PADANG, METRO – Semen Padang FC memastikan diri melaju ke Final Liga 2 Indonesia dan kembali ke Liga 1 musim depan. Dipastikan setelah menaklukkan Persita Tangerang 3-1 di Stadion GOR H Agus Salim Padang, Rabu (29/11) sore.
Tim yang berjuluk Kabau Sirah ini akan bermain menghadapi PSS Sleman pada partai Final Liga 2 yang akan dihelat di Stadion Pekan Sari, Bogor, Jawa Barat, Senin (3/12).
Tim kebanggaan masyarakat Sumbar ini mengawali laga dengan defisit satu gol. Sepuluh ribu pendukung Semen Padang FC sempat terdiam setelah Ryan Kurnia mencebloskan bola ke gawang yang di kawal Rendy Oscario pada menit 30.
Namun, asa Semen Padang FC kembali hidup dua menit berselang, setelah Riski Novriansyah mencatatkan namanya di papan skor. Pendukung tuan rumah kembali bersorak pada menit 36 setelah Afriansyah berhasil memanfaatkan umpan silang dari Irsyad Maulana. Skor 2-1 bertahan sampai turun minum.

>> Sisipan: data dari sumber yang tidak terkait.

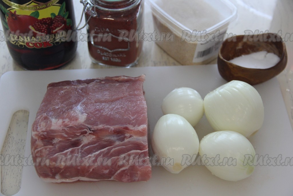 Предлагаю рецепт наивкуснейшего шашлыка из свинины, предварительно замоченной в маринаде из гранатового сока и лука. Мясо получается очень нежным и сочным. Лучше мариновать кусочки свинины часов 10, но можно и часа 3. Для запекания я использовала мякоть свинины (карбонат). Готовить лучше всего на мангале, используя жар углей. Подавать этот нежнейший, ароматный шашлык нужно в горячем виде с любым гарниром и конечно же со свежей зеленью и овощами.
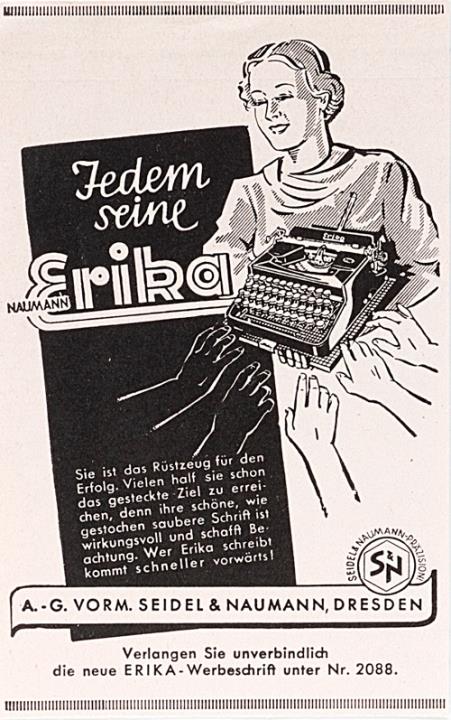 Werbeanzeige für Schreibmaschine Erika monochrom
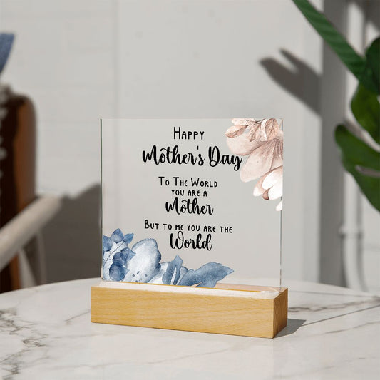 Mother's Day You Are The World Blue Blush Square Acrylic Plaque

Mengawali babak kedua, baik Persita ataupun Semen Padang FC terlihat lebih hati-hati. Tensi laga yang tinggi pada babak pertama sedikit menurun.
Gol yang ditunggu-tunggu publik tuan rumah baru didapatkan pada menit ke-60. Berawal dari solo run Abdulrahman Lestaluhu yang memberikan umpan kepada Riski Novriansyah yang diakhiri dengan shooting yang membentur kepada tangan pemain bertahan Persita.

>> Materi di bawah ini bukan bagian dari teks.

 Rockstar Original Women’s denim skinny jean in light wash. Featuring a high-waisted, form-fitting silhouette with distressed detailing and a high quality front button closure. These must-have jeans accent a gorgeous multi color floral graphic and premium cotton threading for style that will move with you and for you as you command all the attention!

Irsyad Maulana yanh ditunjuk sebagai eksekutor tidak membuang-buang peluang. Kapten kedua Semen Padang FC ini dengan tenang mengecoh penjaga gawang dan membawa unggul Semen Padang FC 3-1. Beberapa peluang kembali tercipta usai gol ini, tapi skor 3-1 bertahan. Semen Padang unggul agregat 3-2 dari tamunya.
Pelatih Kepala Semen Padang FC, Syafrianto Rusli mengatakan, sangat bersyukur dengan kemenangan dan kembali ke Liga 1 Indonesia.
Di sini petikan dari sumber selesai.